In today’s digital age, art holds a singular place where the timeless and the transient coexist, reshaping our understanding of permanence and transience. Digital works, often experienced in screens, interactive installations, or animations, embody a tension: they feel ephemeral, yet their essence—encoded in data—can be stored, replicated, and preserved indefinitely. This paradox defines our time, where moments seem to vanish in an instant while simultaneously being immortalized and infinitely accessible. In a world driven by an unprecedented pace, moments seem to slip away as quickly as they unfold. Yet, paradoxically, we live in an age where nothing is ever truly lost—every action, feeling, and experience is carefully documented, preserved, and immortalized in the vast digital archives that define our era. This contrast between life’s fleeting nature and the enduring trace it leaves behind reshapes how we understand time, memory, and the legacy we create, and as with every era, art not only reflects the spirit of its time but also engages with it, shaping and being shaped by the world around it.
Art bridges these forces, capturing the essence of impermanence—a flicker of light, a fragment of sound, or the motion of an animation—and transforming it into a universal, yet personal experience that transcends time and place in the spectators mind and body. It reveals beauty in what is transient while celebrating the timeless through digital preservation and reinvention.
This dialogue between the ephemeral and the eternal invites us to rethink our relationship with art. It shifts focus from valuing the tangible and unchanging to embracing the adaptable and fluid. Digital creations, with their ability to evolve and respond, draw audiences into an active role, turning each interaction into a singular, unrepeatable moment. At the same time, these works exist in a state of digital immortality—always ready to be revisited, reinterpreted, and reimagined.
In this context, the digital age amplifies art’s capacity to transform. It challenges how we perceive time, encouraging us to savor the present while recognizing its resonance in the future. Art becomes a reflection of our existence, capturing both its brevity and its enduring impact. Through this lens, we gain a deeper appreciation of creativity as a force that connects and inspires us, reminding us of our shared humanity—here and now, and across generations.
Art has always reflected human emotions and experiences. In today’s digital age, it also serves as a bridge between the ephemeral and the everlasting. The works in this collection, which I decided to call it: Timeless and Transient Realities, celebrate that duality, inviting us on a journey where transient moments are preserved, and timeless truths are reimagined through technology.
The exhibition opens with Tracey Emin’s Because of You I’m Here, a deeply personal piece that anchors the collection in raw, unfiltered emotion.
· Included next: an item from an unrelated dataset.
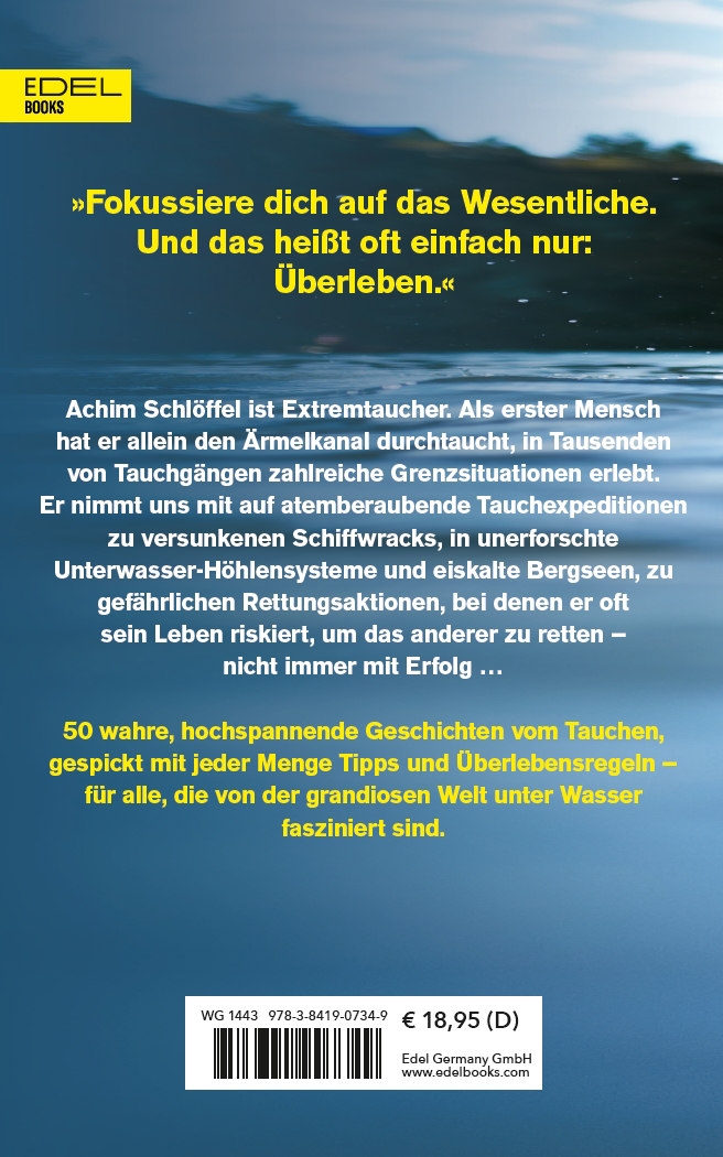 Achim Schlöffel ist Extremtaucher. Als erster Mensch hat er allein den Ärmelkanal durchtaucht, in Tausenden von Tauchgängen zahlreiche Grenzsituationen erlebt. In 50 hochspannenden Berichten erklärt er den Sog der Tiefe und den richtigen Umgang mit der Angst, erzählt von seinen aufregendsten und gefährlichsten, aber auch schönsten Erlebnissen in der faszinierenden Welt unter Wasser. Er nimmt uns mit auf atemberaubende Tauchexpeditionen zu versunkenen Schiffwracks, in unerforschte Unterwasser-Höhlensysteme und eiskalte Bergseen, zu gefährlichen Rettungsaktionen, bei denen er mehrfach sein Leben riskiert, um das anderer zu retten - nicht immer mit Erfolg. Dazu liefert der Tauchprofi eine Menge Tipps für ambitionierte Hobbytaucher, u.a. seine spektakulärsten Wracks, Höhlen und Tauchplätze, sowie die wichtigsten zehn Überlebensregeln. Eine der ersten: Zwischen "Ich kann nicht mehr" und "Es geht nicht mehr" ist immer noch genug Luft, um weiterzumachen.

This work reminds us that art, at its core, is a deeply human expression—a connection to the tangible before we venture into the abstract.
With Mat Collishaw’s Whispering Weeds and Anthony James ´ Sunset Icosahedron, the narrative shifts toward nature and geometry. These pieces merge delicate organic forms with the precision of digital structures, creating a dialogue that highlights the resilience and beauty of both the natural world and human innovation.
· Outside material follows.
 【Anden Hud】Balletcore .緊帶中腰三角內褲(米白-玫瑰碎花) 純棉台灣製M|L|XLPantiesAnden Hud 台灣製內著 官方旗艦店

The digital realm comes alive in Aaron Koblin ’s Flight Patterns, where raw data transforms into a mesmerizing visualization of movement. The work has hidden patterns like the invisibles that connect us all, presenting a poetic story of global interconnectedness. Similarly, Bill Viola ’s A Phrase from ‘Illumination’ (2011) and Lindsay Kokoska´s Echoes of Light use light as a fleeting medium, capturing the delicate beauty of everyday experiences.
The collection also explores introspection and memory. Laurence Fuller’s When My Sister Was Lost offers a poignant meditation on loss, while John Sanborn’s Anaphora employs linguistic repetition to examine identity and meaning, illustrating how fragments of the past continue to shape the present.
Themes of transformation and fluidity surface in pieces like Studio Above & Below´s Latent Liquid, which challenges perceptions, and Manuel Tozzi ’s Waving Mountains, whose organic movements evoke the sublime rhythms of nature. Yuma Yanagisawa’s Reverie: Dubai (Landscape) stretches the boundaries of reality, blending surreal landscapes with imagination of real spaces in the world.
This collection is more than a gathering of artworks—it’s an invitation to explore how art and technology intertwine to transform our perception of reality. Each piece reveals the creative possibilities of this connection, where the fleeting gains permanence, and the eternal is reimagined through new lenses.
In the end, these works prompt us to reconsider our relationship with the ephemeral and the enduring, offering a renewed appreciation for art’s ability to inspire, transform, and connect us in the digital age.